Depois de alguns minutos de impaci­ência nos dedos, algo assim como uma abstinência, as mãos perceberam que na verdade estavam livres. Os dedos se alon­garam e tocaram as mãos da companhei­ra.

Logo seguiu-se o erguer do pescoço e finalmente os olhos se encontraram. O corpo suspirou todo. Quanto tempo havia se passado sem contato presencial? Ne­nhum dos dois se lembrava, contudo.

Moravam juntos e só conversavam por WhatsApp. Até aquele fatídico dia em que a bateria acabou, o wi-fi caiu e a rede elé­trica havia entrado em pane. As conversas virtuais com seus emojis agora tinham de ser traduzidas pela boca, cara a cara, no calor do momento. Não foi tão fácil. Va­mos tomar um café? Vamos.

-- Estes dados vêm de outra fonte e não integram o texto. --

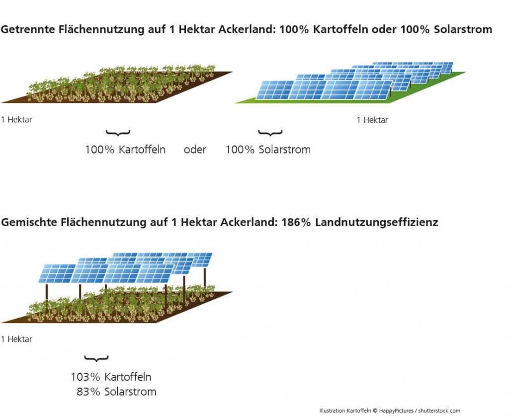 Im Internet bin ich auf die Alternative Agri-Photovoltaik gestossen, die seit nun schon fast 10 Jahren zunehmend an Bedeutung gewinnt. Es gibt zahlreiche Forschungsanlagen und inzwischen auch schon gesicherte Erkenntnisse über den Nutzen der Kombination aus Landwirtschaft und Photovoltaik.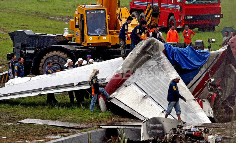 タイで過去最悪の犠牲者を出した航空機事故は、1998年のタイ航空(Thai Airways)エアバス機墜落で、今回の事故と似た状況下で旅客機が水田に墜落し、101人が死亡した。(c)AFP/Griffin Shea
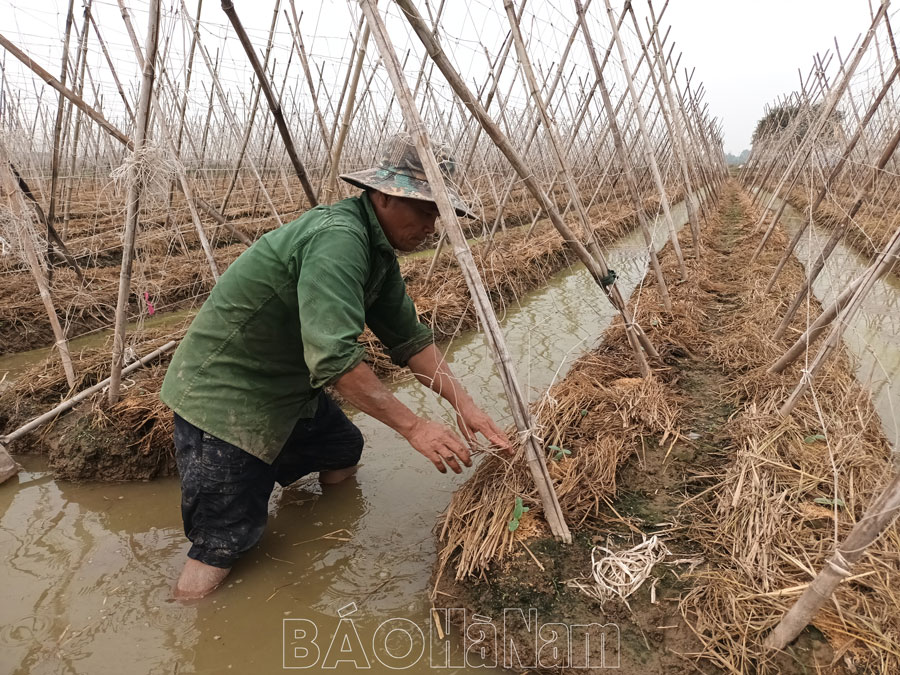 Cũng như mọi năm, vụ đông năm nay chị Nguyễn Thị Tuyết, xóm Nhân Sơn, thôn 4, xã Nhân Nghĩa trồng 9 sào cây vụ đông (gồm: hơn 4 sào ngô, 3,5 sào dưa chuột, còn lại là bí đỏ). Trận mưa lớn cuối tháng 9, dù đã chủ động, tích cực bơm tiêu nhưng toàn bộ diện tích 9 sào cây vụ đông đã trồng của gia đình chị bị mất trắng, phải trồng lại hoàn toàn. Dù tiếc công, tốn chi phí, nhưng không nản lòng, ngay khi mưa dứt, nước rút chị Tuyết đã ra đồng gieo trồng lại diện tích cây vụ đông bị mất trắng. Chỉ vào luống ngô đã được 5 lá, chị Tuyết chia sẻ: Trước trận mưa cuối tháng 9, ngô đã trổ cờ. Trận mưa lớn cuối tháng 9 làm cây trồng hỏng hoàn toàn. Theo dõi sát sao tình hình thời tiết, phán đoán diện tích cây vụ đông sẽ phải trồng lại, tôi đã chủ động chuẩn bị các loại giống sẵn sàng gieo trồng lại ngay khi nước rút. Cây ngô trồng lại giờ đã được 5 lá. Mong từ nay đến ngày thu hoạch thời tiết thuận lợi để nông dân có thu nhập trang trải cuộc sống hằng ngày.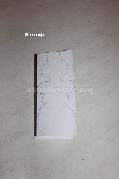 Намажемо клеєм першого і останнього сніговика. Приклеїмо першого і останнього сніговика, так що б лінії згинів листівки і центральних сніговиків збіглися.

Foi a salvação. A caminhada. A padaria. O cheiro do café. A sensação quente nas mãos. Finalmente, as ideias foram tomando fluxo e fi­nalmente conseguiram conversar. No iní­cio, palavras curtas e telegráficas. Depois a língua foi se desenrolando, à vontade, e os assuntos começaram a variar.

Eles se deram conta de que, como mari­do e mulher, eram raras as vezes em que se falavam presencialmente. Quando a noite chegava, até jantavam vez ou outra na penumbra de diálogos que eram quase como relatórios familiares.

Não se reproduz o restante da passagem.